Supplied material:
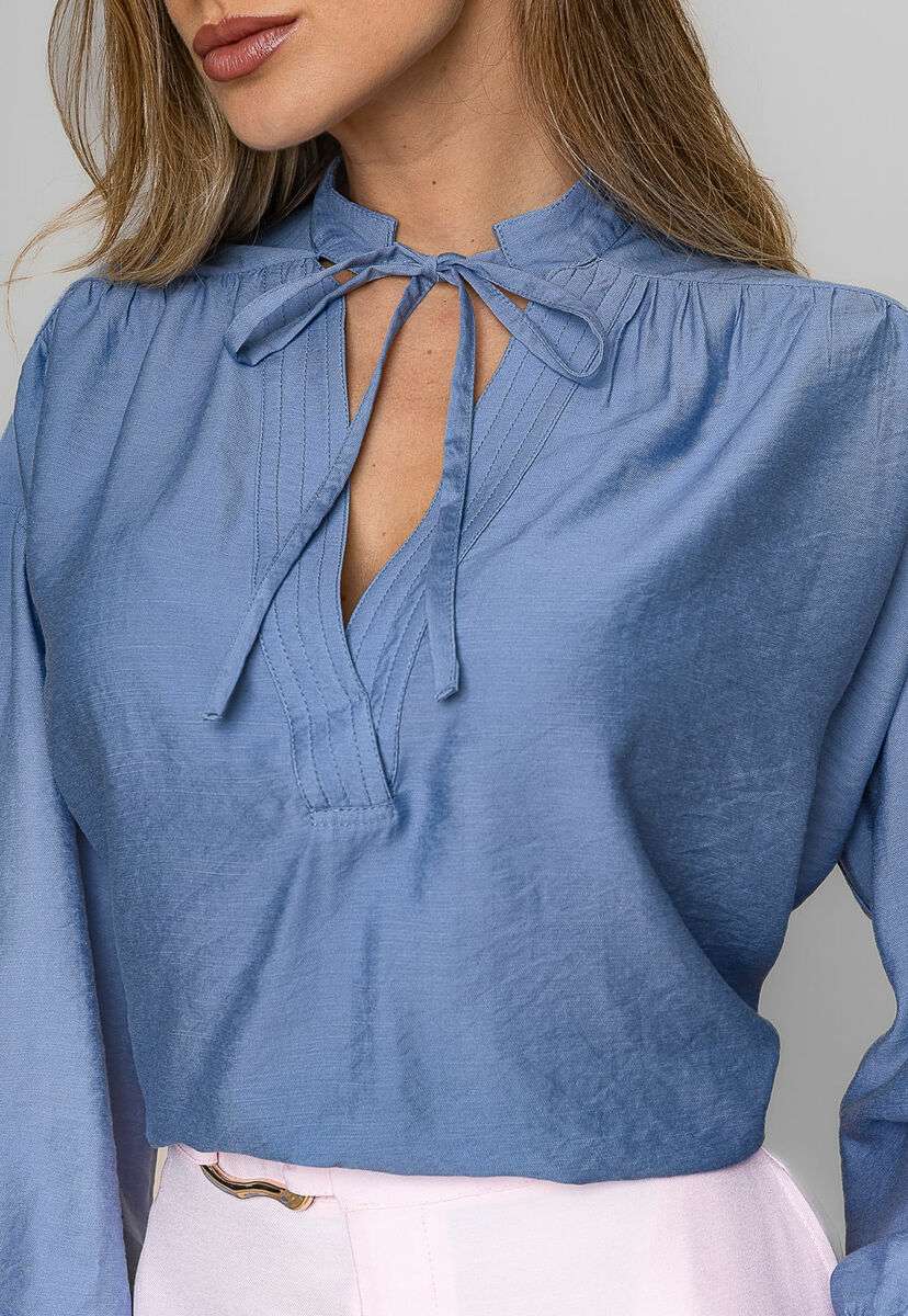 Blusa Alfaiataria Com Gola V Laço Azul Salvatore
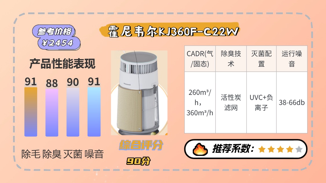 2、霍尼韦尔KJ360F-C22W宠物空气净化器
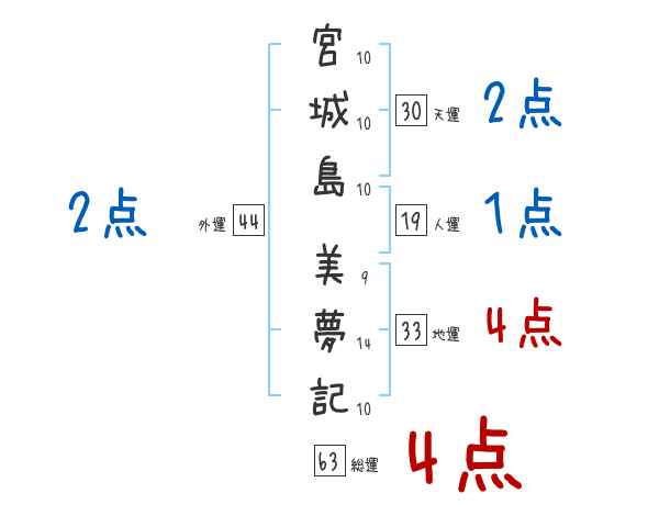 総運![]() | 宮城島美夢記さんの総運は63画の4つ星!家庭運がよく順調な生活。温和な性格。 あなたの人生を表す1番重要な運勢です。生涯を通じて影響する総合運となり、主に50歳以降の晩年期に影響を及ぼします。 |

Your instructions: Starting at the line that contains "2、霍尼韦尔KJ360F-C22W宠物空气净化器", retype every line through the end of the material exactly as written, including both end lines but no pictures.

Reply to the task:
 2、霍尼韦尔KJ360F-C22W宠物空气净化器
 総運![]() | 宮城島美夢記さんの総運は63画の4つ星!家庭運がよく順調な生活。温和な性格。 あなたの人生を表す1番重要な運勢です。生涯を通じて影響する総合運となり、主に50歳以降の晩年期に影響を及ぼします。 |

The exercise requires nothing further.